Since it first appeared in English 500 years ago, the word “queer” has always meant something not normal, peculiar, or odd. In the late 1800s, the word was used to mean homosexual. In the decades since, the pejorative use of the “queer” flew around playgrounds and schools until the 1980s and 90s when spurred by the AIDS crisis and the Gay Rights Movement, the LGBT community began to embrace the word as a self-affirming umbrella term—synonymous with lesbian, gay, bisexual, and any and all variations. Since then, the use of “queer” has broadened to the point beyond a single meaning. For example, some people who identify as neither male nor female call themselves “genderqueer.” Even the “Q” in LGBTQ could stand for either “queer” or “questioning.”
Maurisa, an Operation Fresh Start alum, feels that “queer” fits her better than anything else. Her pronouns are she/they and are used interchangeably.
“I like queer because it's a very nuanced term,” they said, “And I think that's why it confuses people. But I kind of like that aspect, because it varies person to person. There's a question mark on what queer is, which is kind of the point.”
In the summer of 2022, Maurisa participated in OFS’s Conservation Academy to gain hands-on experience and skills in natural resources management. It was the start of her senior year at UW-Madison and she was having a hard time finding jobs and internships relevant to her Environmental Studies major. Their experience with Conservation Academy was beneficial for them both professionally and personally.
“Our crew was three women and two men,” recounted Maurisa, “Caroline [past Conservation Academy supervisor] would tell me, as a woman in conservation, that there are these men who we work with, who do kind of talk down [to women], maybe not intentionally, but it’s very patronizing, and hearing that from her [had] such a magnitude because she was such a smart woman and one of the most intelligent people that I knew. There's still a standard that you have to perform way better than everyone else all the time.”
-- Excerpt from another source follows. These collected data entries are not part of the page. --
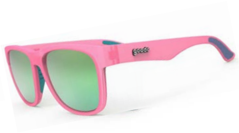
Do You Even Pistol, Flamingo - 2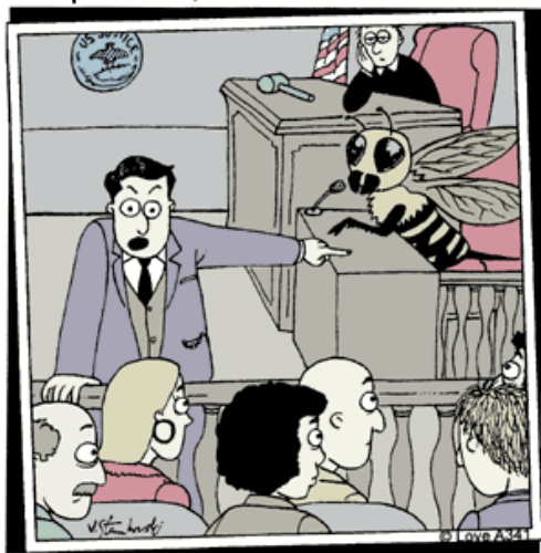
"The defendant had the motive, he had the opportunity, and let's face it, he's a killer bee."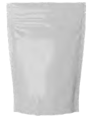
Pouches Printable standup & lay flat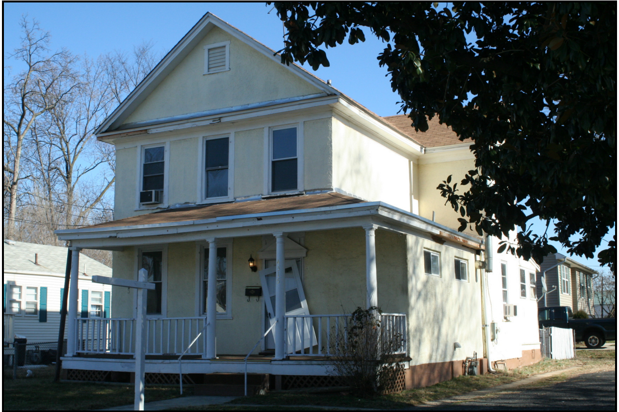
Looking southeast, 4515 39th Place ( EHT Traceries , 2008)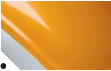
● Melon-Yellow (GRP*-colour)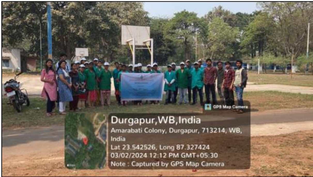
Figure: NSS volunteers who participated in the voter awareness campaign along with the program officers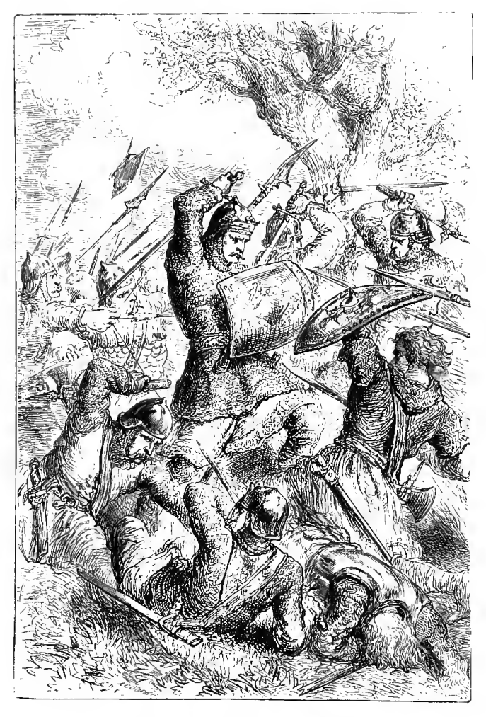
King Alfred at the Battle of Ashdown .- P. 76.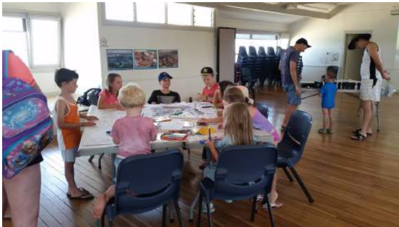
Left to Right: Environment Craft Activities ID Table, Be A Hero Colouring in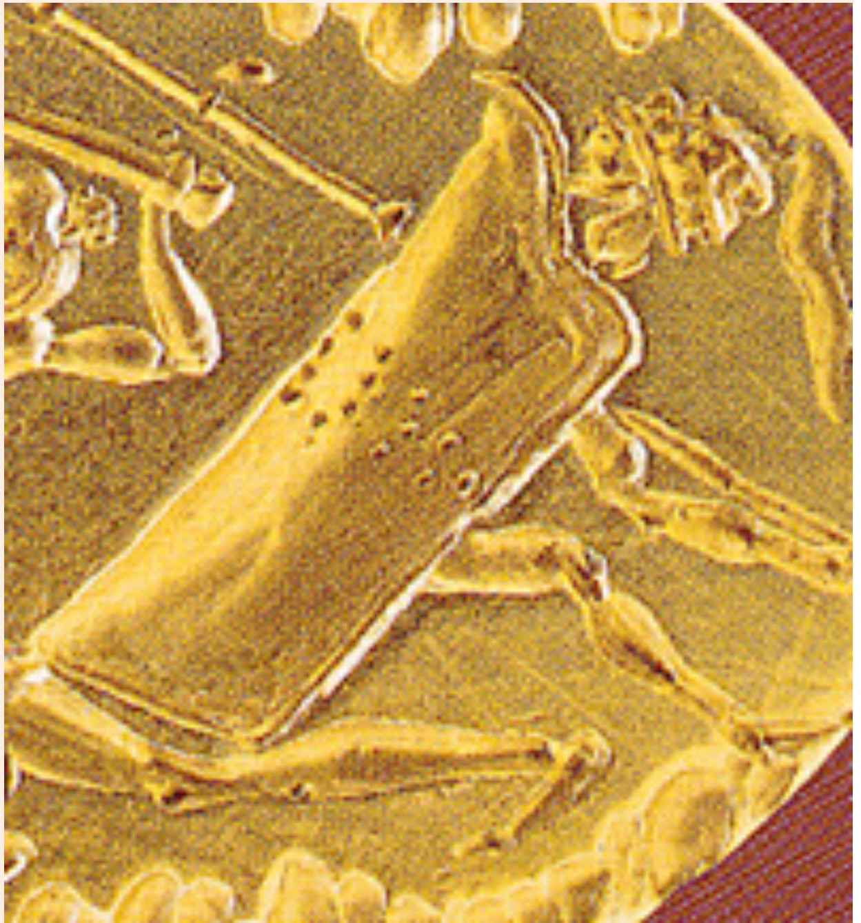
Golden ring from a tomb of Mycenae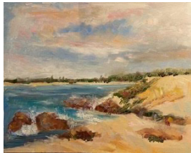
"The Dunes in Fall, Oil on Canvas, 20" x 16", $200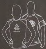
CUSTOM TEAM GEAR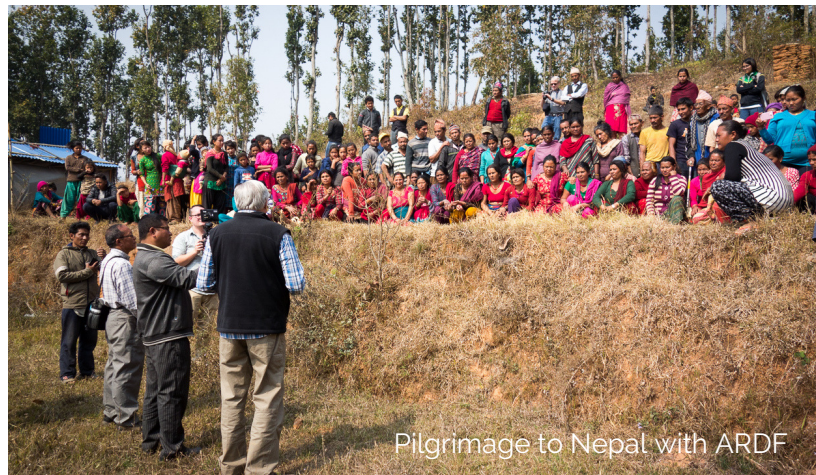
Pilgrimage to Nepal with ARDF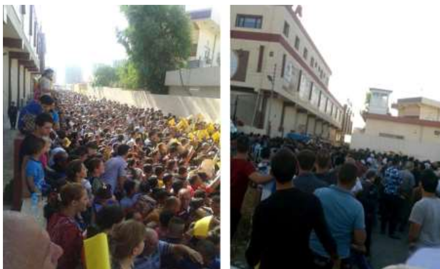
Figure 1: Congestion near the passport offices in northern Iraq (Matthew, 2014)

The majority of the services required by the IDPs provided in the Iraqi e-services portal and Ministries' web pages – these include e-Passport, e-License, e-Fines, e-Birth Certificates and e-Death Certificates (Iraq Electronic Services, 2016). For instance, there are huge congestions on the passport offices made by the displaced citizens seeking to obtain passports (Al_Sabah, 2014; Dalshad, 2014). The number of people waiting outside the offices reaches the thousands a day, while the displaced can complete most of this transaction through the Iraqi G2C-ICT services (Iraq Electronic Services, 2016), this situation indicates to the unwillingness of IDPs to use ICT services provided by the Iraqi government. The two photograph presented in Figure 1 below give the reality picture of the straitened situation for Iraqi government offices in the host cities.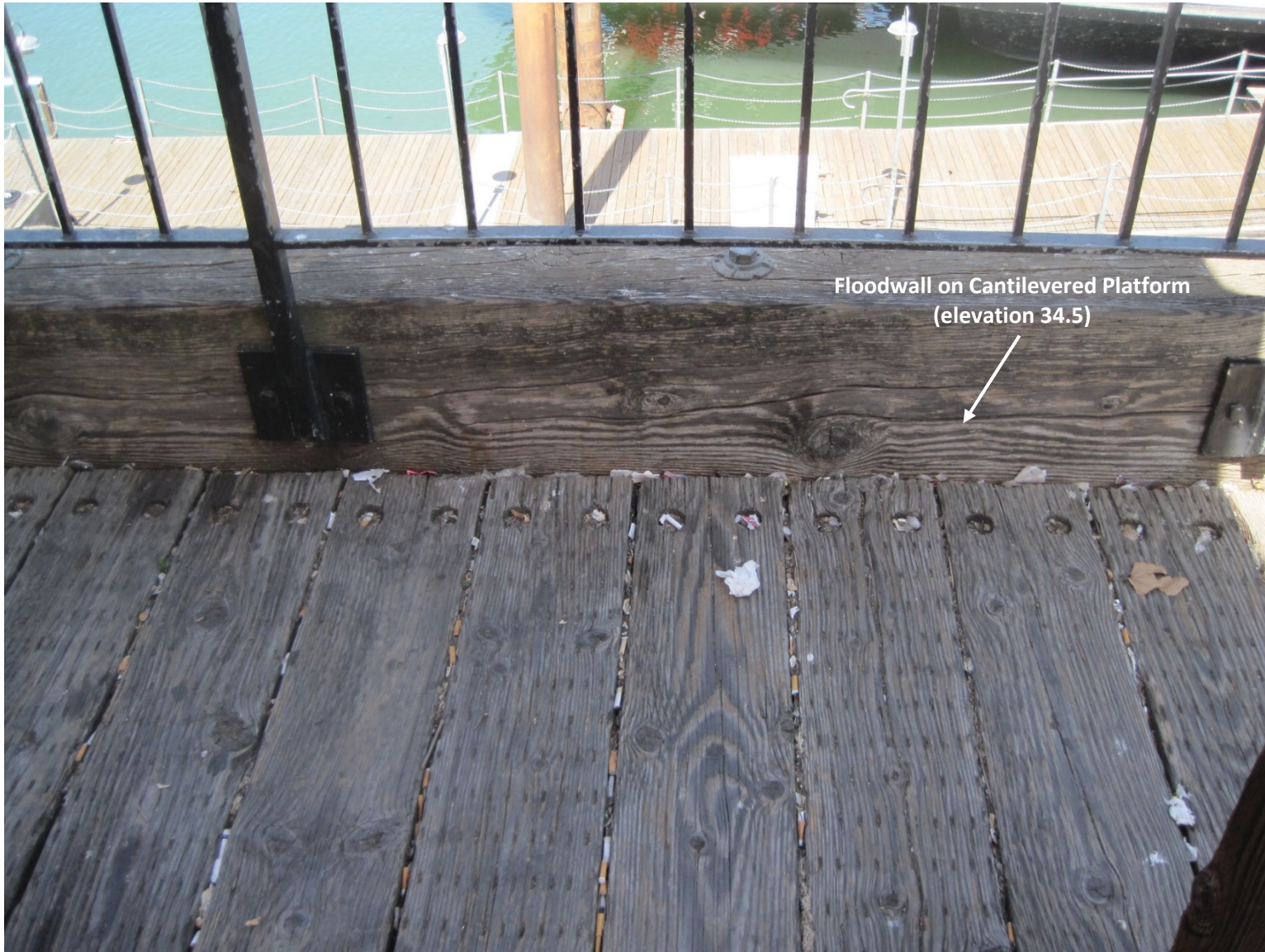
Timber Beam that Forms the Floodwall on the Elevated Embarcadero Sections.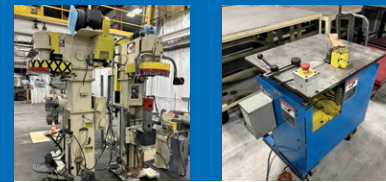
Various Horiz. / Vert. Flangers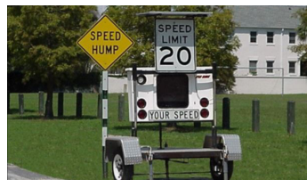
SPEED MONITORING DEVICES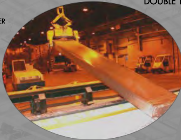
DOWNENDING T-INGOT TONG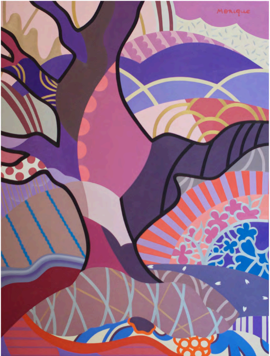
"EL CASTO" (The Tree of Chastity) Oil on canvas, 70 x 100 cm, 2016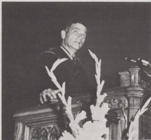
MARK O. HATFIELD

Being here at Fuller Seminary brings back many memories. Among other things, this evening I recall how years ago I used to listen to "The Old Fashioned Revival Hour" with Charles Fuller and his wife on the radio. And I particularly remember how Mrs. Fuller would always read letters sent in from listeners. During the past few weeks I have also been receiving some of the most remarkable, disturbing and memorable mail. So I thought that there would be nothing more appropriate than to begin my comments tonight by reading a few of the letters I have recently received.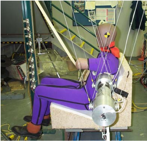
ISO TR9790 pendulum test on WorldSID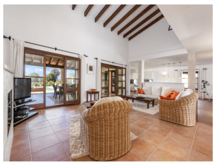
View into the garden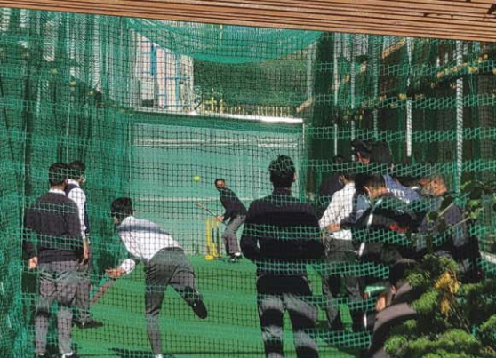
"The Shot" Practice Net 善擊場

Caroline, center, Maurisa's Conservation Academy supervisor, with her crew in 2022
According to the U.S. Bureau of Labor Statistics, in the entire industry of agriculture, forestry, fishing, and hunting in 2022, only 28.3% of employed persons were women and 29% were Black, Asian, or Hispanic. In a 2022 Gallup poll, 22.1% of Generation Z respondents and 11.5% of Millennials self-identified as LGBTQ+, and that number rises yearly while older generations remain constant. Conservation is important to the LGBTQ+ community—the green stripe in the rainbow Pride flag symbolizes nature. And intersectionality, the interconnected nature of identities and how they combine to result in discrimination or privilege (Hispanic and gay versus white and gay), is at the heart of the LGBTQ+ community.
“I'm a big believer that accessibility plays a huge role in whether or not people who have multiple intersecting identities can be able to experience nature,” explained Maurisa, “I took a class [in college], Outdoors for All, and it very much highlighted the accessibility problems [of parks]. If you have a sign in one language, in English, that tells you who’s supposed to be there and who’s not. And it’s just a simple trail sign, you know, so I think there’s a lot of things that are taken for granted.”
After finishing Conservation Academy, Maurisa applied for OFS’s Conservation Gear Scholarship, made possible thanks to a generous donor, which awards $500 for gear such as boots and outerwear. In her essay, Maurisa stated, “My education in college, as well as the experience and education I received from Operation Fresh Start, has opened my eyes to how different communities interact with their environment, and how they cannot…Why visit a state park when most of the people who are also visiting do not look like you or have the same experiences as you? …I have privileged parts of my identity. But I am also a queer, plus-sized, Latina woman born into a low socio-economic household…I want to be able to represent a part of a community that has for so long been left on the sidelines.”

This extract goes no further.